Fruit variation: Knead cranberries, raisins or dried apricots (roughly chopped) into the dough. Great with cream cheese or as a sweet breakfast option. Soak the cranberries and apricots briefly in warm water first so they do not stay too firm.

Wholegrain version: Replace the plain flour, type 550, entirely with wholegrain flour milled in the Thermomix®. The rolls will be denser and heavier, but also more filling. You may need to add a little extra buttermilk, as wholegrain flour absorbs more liquid.

With butter from the Thermomix®: If you want homemade butter in the dough, you can find the basic recipe on our site. Anyone who wants to leave out the butter entirely can use coconut oil as a plant-based alternative.

What you need for the baking

No special equipment needed, but a few things make the baking easier:

  • The dough tool protects the mixing blade and stops dough from sticking underneath. Particularly useful with moist yeast doughs.
  • A good dough scraper gets every last bit of dough out of the mixing bowl without scratching.
  • A mixing bowl set with a lid is the right size for the proving phase. No cling film needed.
  • A book on baking bread with yeast explains why doughs behave the way they do. Anyone who wants to understand why proving times and temperatures matter will find the background there.
  • The right salt makes a difference in baking. Sea salt dissolves more evenly than coarse rock salt and distributes more consistently through the dough.

Fresh for 2 days, frozen for 3 months

Freshly baked oat rolls keep at room temperature, in a bread bag or under a cloth, for 1 to 2 days. After that they go stale. Freezing is the better option for anything not eaten on baking day.

Let the rolls cool completely, then place individually in freezer bags or in airtight containers. They keep in the freezer for 2 to 3 months and taste almost freshly baked when warmed up. Either put them in the oven at 180°C for 10 to 12 minutes, or crisp them up briefly in the toaster.

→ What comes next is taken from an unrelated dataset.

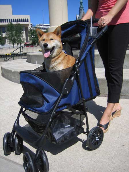 Chú chó trong ảnh được ngồi xe đẩy và đưa đi dạo hệt như những em bé. Phong cách thời trang và quý tộc này đang ngày càng thịnh hành hơn.
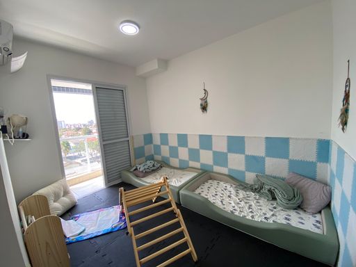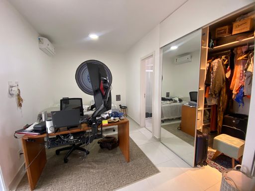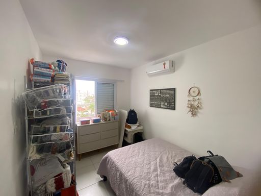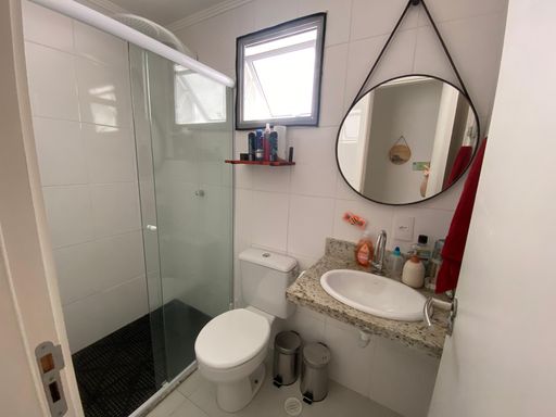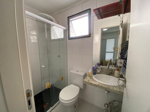 O imóvel possui box blindex e espelhos nos três banheiros, além de ar-condicionado instalado nos três dormitórios e na sala, assegurando conforto térmico em todos os ambientes.

If you have no time in the morning, you can prepare the dough the evening before and leave it to prove overnight in the fridge. The next morning all you need to do is shape the rolls, give them their second prove and bake. Perfect for a Sunday breakfast. Anyone who needs something even quicker will find an alternative without a long prove in our quick breakfast rolls recipe.

How other recipes approach this

Goes well with: butter, cream cheese and jam.

You might also like: Quark rolls with the Thermomix®.

We had a look at how other Thermomix® blogs bake oat rolls. Three differences stood out. First: some use no yeast at all and rely on baking powder and herb quark, so the rolls are ready in 35 minutes but taste flatter and go stale more quickly. Second: some recipes leave the dough to rise slowly in the fridge for 12 hours, which develops more flavour but requires planning ahead. Third: many bake at 220 to 250°C without any topping. We stick with buttermilk and yeast for a moist crumb, 2 hours of proving as a sensible compromise, and sprinkle oats on the crust for texture that also makes the rolls visually recognisable as oat rolls.